Zero. It’s true that repeal marks a big change in military culture. But at the same time, 70% of the troops, including combat troops and Marines, say that they already work with gays, and of those, 90% say that they don’t have problems. If you look around the world at the other militaries that lifted their bans, what you hear time and time again from all the experts, even those who predicted disaster, is that repeals were “non-events.”

Did the nation make a mountain out of a molehill here? If so, why?

From the point of view of military readiness, this issue was always a molehill, and there was never going to be any threat to readiness from allowing gay men and lesbians to serve openly. So why the big deal?

From a cultural perspective, this issue has always represented a line in the sand for both the gay-rights as well as the traditional-values communities. Gay groups have understood that getting rid of the military ban would be an important steppingstone for other rights like marriage equality. For traditional values groups, equal treatment of gay and lesbian troops signals the erosion of what they see as the Judeo-Christian basis of American culture. Both sides made a big deal out of the issue because, from a cultural perspective, the stakes were high.

How much credit does President Obama deserve for the repeal?

This issue was always President Obama’s to win or lose. He won. The issue would not have moved forward without the President’s, ongoing personal investment.

Given all the challenges he has faced on Capitol Hill, how was he able to pull this off?

Four factors explain the difference.  Unlike some other issues that require 60 Senate votes, President Obama had the option to suspend DADT via an executive order. Once the public learned this, a lot of heat was directed his way, and this pressure helped rededicate the White House to a legislative solution. Second, grassroots activists like Dan Choi were screaming and yelling and getting in the President’s face. That mattered a lot. Third, public support for repeal is overwhelming, and includes a majority of Republicans. Finally, the research shows convincingly that DADT hurt the military.

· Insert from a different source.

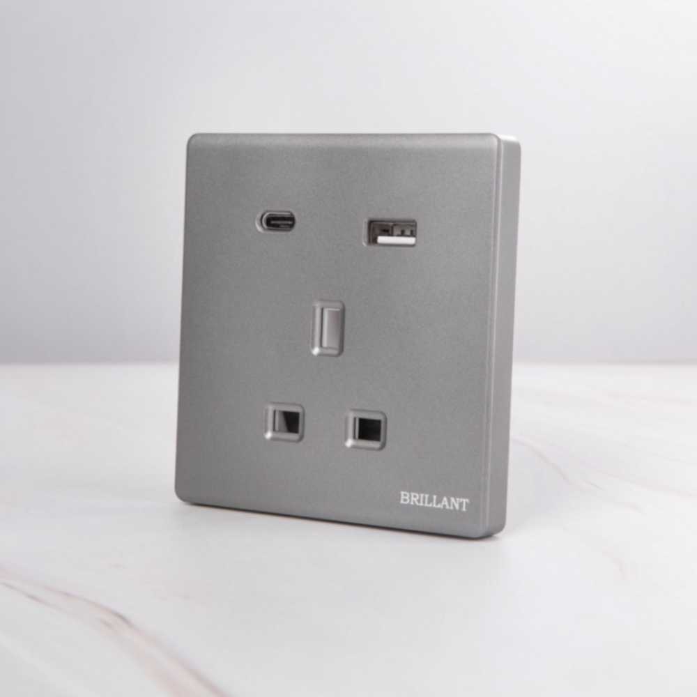 اطلب الآن فيش ثنائي المنفذ USB مودرن رمادي برلنت من قسم أفياش كهرباء مودرن رمادي متوفرة داخل

How applicable is this lesson to other battles? Which ones?

Think about tax policy. One of the basic tenets of progressive policy is that the state should be big enough to take care of the neediest citizens, to provide education and health care for all and to maintain high quality public transportation that would allow us to end our dangerous dependence on foreign oil.  All of that means reasonable rates of taxation, even for the middle class.

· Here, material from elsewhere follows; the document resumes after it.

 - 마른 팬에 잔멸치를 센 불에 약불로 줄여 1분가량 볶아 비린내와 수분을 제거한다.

But our tax rates are at historic lows, both in terms of our own history and also in comparison to other countries where the quality of life is decent. But how often do you hear progressive scholars and advocates explaining to the American public that higher taxes benefit everyone? If progressives don’t wage that communications war, we can’t expect our leaders to call for higher taxes on our behalf.

Clinton, Gore, Kerry and Obama all campaigned on tax cuts for the middle class because progressives haven’t given them enough cover to talk about how and why all of us will be better off if we maintain reasonable tax rates.